I share my content and I connect with people through direct messages. I do lead generation and sales, I talk to people whose profile might resonate with my offering. LinkedIn is great for starting conversations through a cold message, much better than Instagram or Facebook. It’s also easy to invite people to join my Facebook group. People openly talk about their profession and challenges. That’s why I also use LinkedIn for small market researches, just to understand the challenges of my target audience.
You say your target audience is mainly women. Is being an entrepreneur different if you’re a woman?
It is. Men and women both struggle with the same knowledge questions, the same eagerness to find out how something works. But once guys learn how something is done, they usually just go ahead and do it. It’s different for women – women are often held back by limiting beliefs. “I’m not worthy, I’m not enough, people will judge me, society will reject me.”
That’s why in my program I put a lot of emphasis on mindset work.
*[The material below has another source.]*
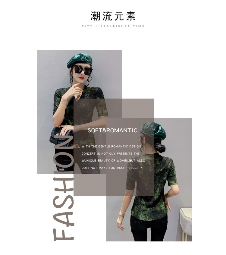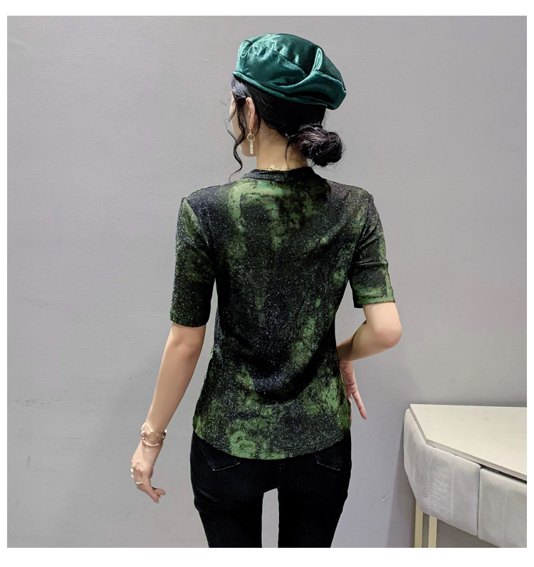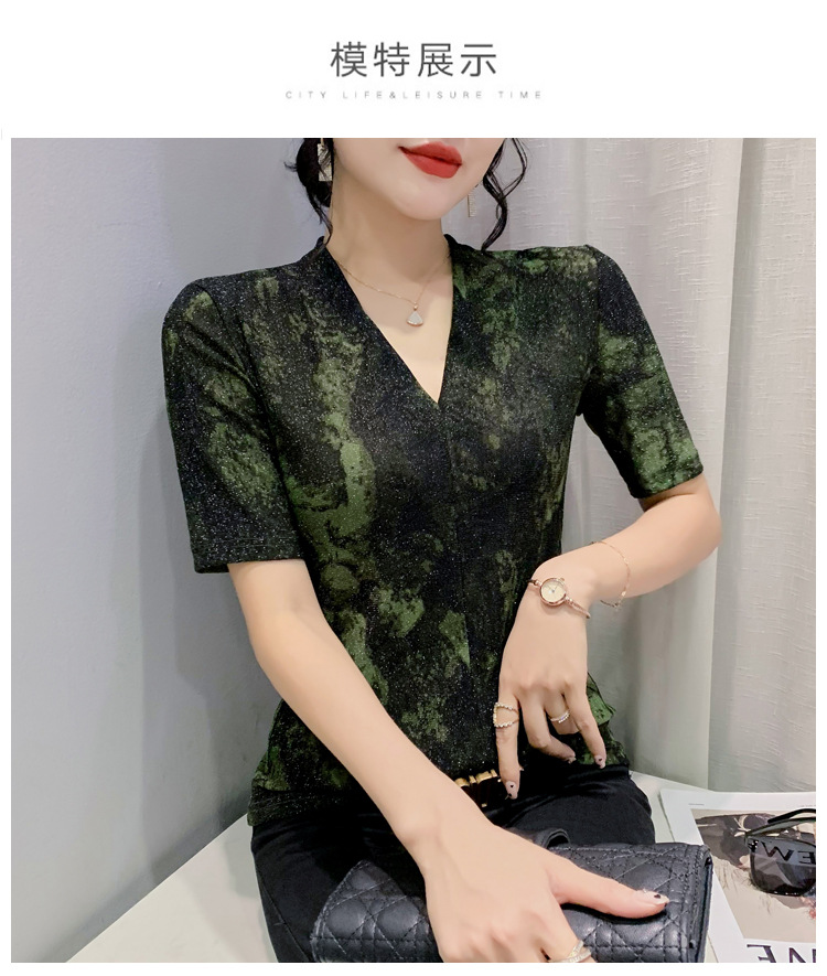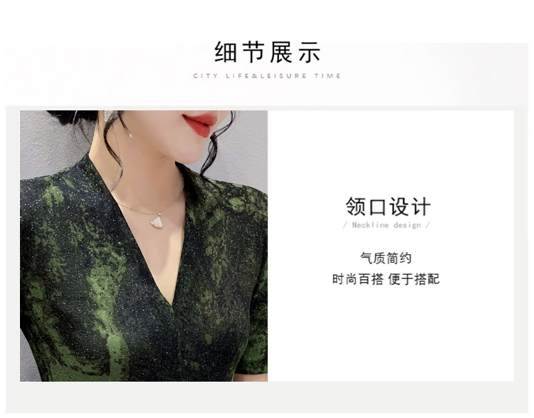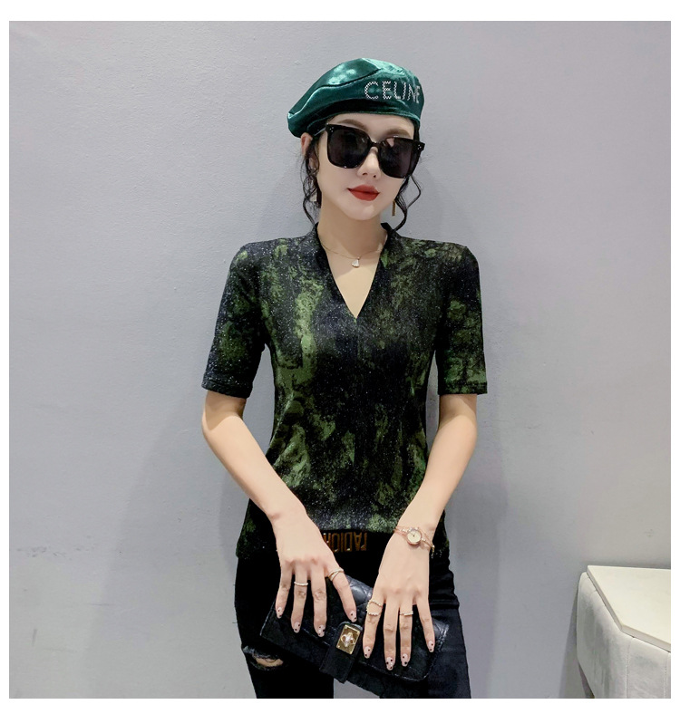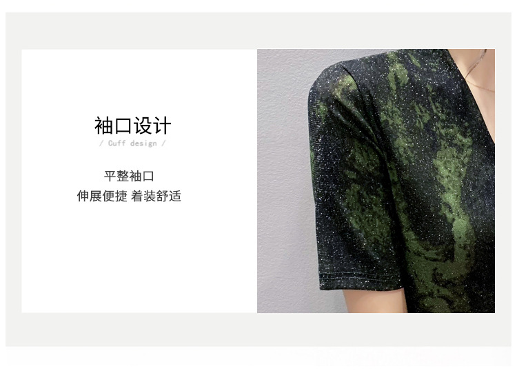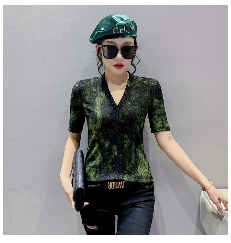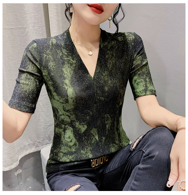 2022新款夏款洋气小衫,时髦v领亮丝网纱打底衫T恤 KQL9991

Because you are in the right place. You are just as worthy as everyone else. You are knowledgeable and beautiful and this is your time. You are a professional and you are ready, now we just need to work on your confidence.
Apart from affirmations, what are some other ways to build confidence?
Affirmations and daily journaling are important, but the most important thing is building some momentum of courage. You just need to get out there and do things. Start with just a little bit of bravery to take a little step. Post something on LinkedIn. Send that first e-mail. Call someone. Then, judge how it went.
We tend to judge situations before they even happen. Are you worried that something won’t work or people will laugh at you? Maybe they will, but you can’t know for sure. Test it. Have the curiosity of a scientist. You won’t get kicked out of your community for wanting to develop yourself professionally. Sure, your blog or offering might not work out the way you want it to, but the only way to improve it is to put it out there, analyze the results and go from there.
We all have this fear of rejection. “Oh, the client said ‘no’ to me!” We take it personally, even though it’s completely normal. My coach told me to get out there and call people before I was ready, because she wanted me to get comfortable with rejection. Hearing ‘no’ often is good – you realize it’s not personal, it’s just part of business. Once you truly embrace that, it’s easier to move forward.